# 7WT Echo Ion/Echo Edge fly combo



## Chris V (Oct 18, 2007)

*SOLD pending payment*

I'm expecting a couple new toys so time for a couple to go. This has been a very fun setup to fish and I really love the weight and action of the rod. Its a 9', 7WT Echo Edge with a Echo Ion 6/7 reel along with an extra spool. This reel is fairly inexpensive but very durable and smooth. I will include a Scientific Anglers Supra WF-7F line with one spool. I am not including the other line that is pictured. 
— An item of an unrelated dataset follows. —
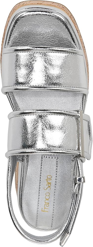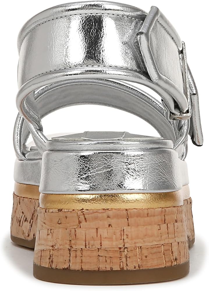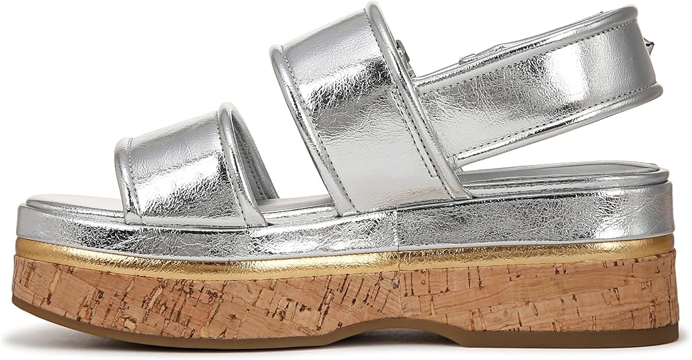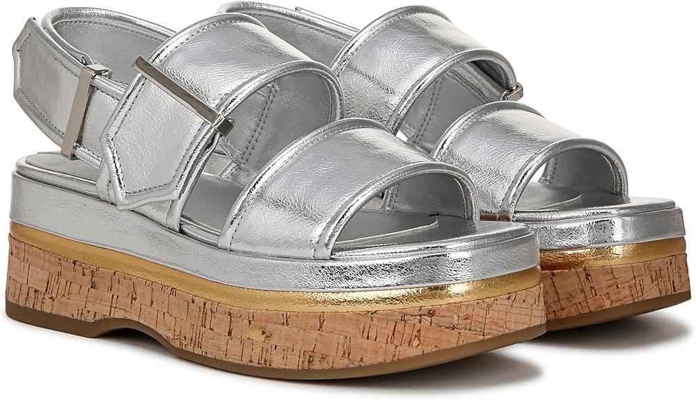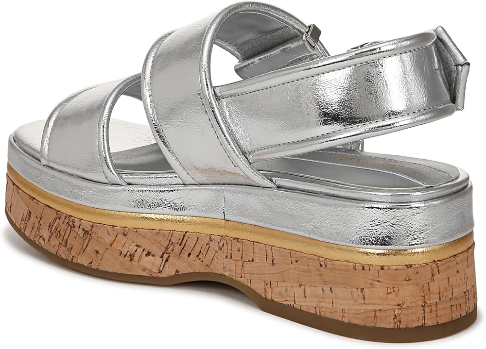 These bold platform sandals, with their array of colors and contrasting stripes, instantly elevate any outfit. Faux leather upper. Slingback with adjustable hook and loop closures. Square toe. 2.1 inch platform.
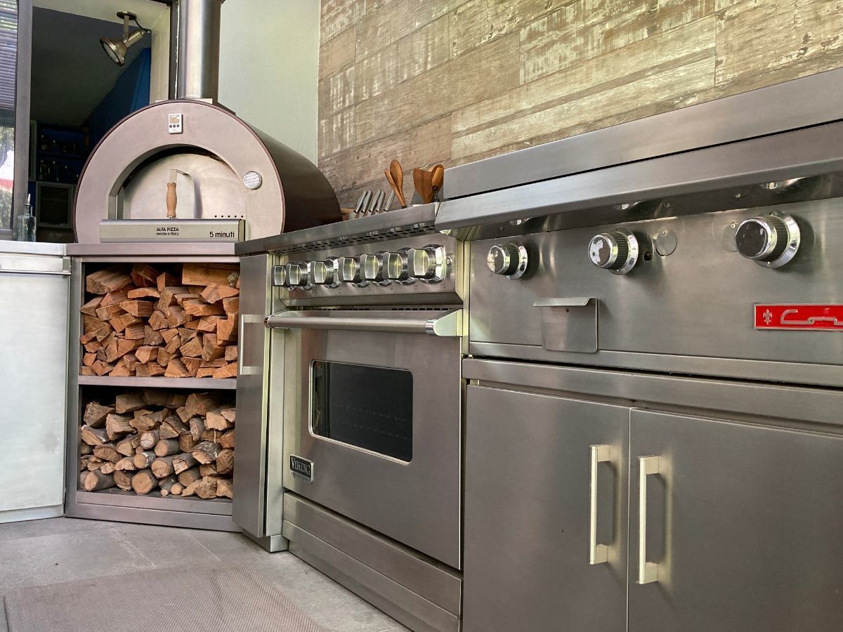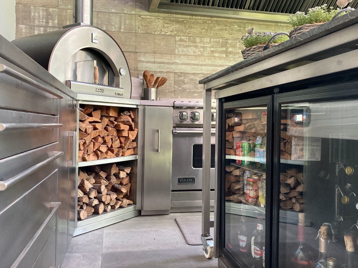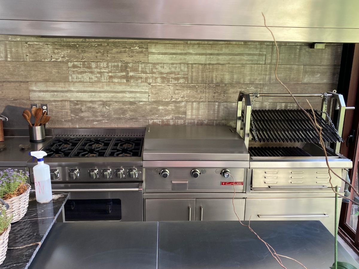 Esta segunda cocina con gran isla, horno de pizzas y además el normal Viking, parrilla etc.

This setup with the extra spool, backing and line would cost $440.00 (Rod $249.99, Reel $79.99, Extra spool $39.99, Line and backing $70.00)

I'm asking 200.00 for the whole getup

I'll add pics later or can text pics now as needed


----------



## bigspoon17 (May 31, 2011)

Uh oh...are these new fishing toys?


----------



## Chris V (Oct 18, 2007)

Of course


----------



## Chris V (Oct 18, 2007)

Any offers?


----------



## deltacreekflies (Oct 25, 2012)

I need a seven....... need to sell some boats first though


----------



## Chris V (Oct 18, 2007)

Bump, willing to entertain offers


----------



## Chris V (Oct 18, 2007)

THIS WEEKEND ONLY--- I WILL TAKE $150.00 

Need it gone!


----------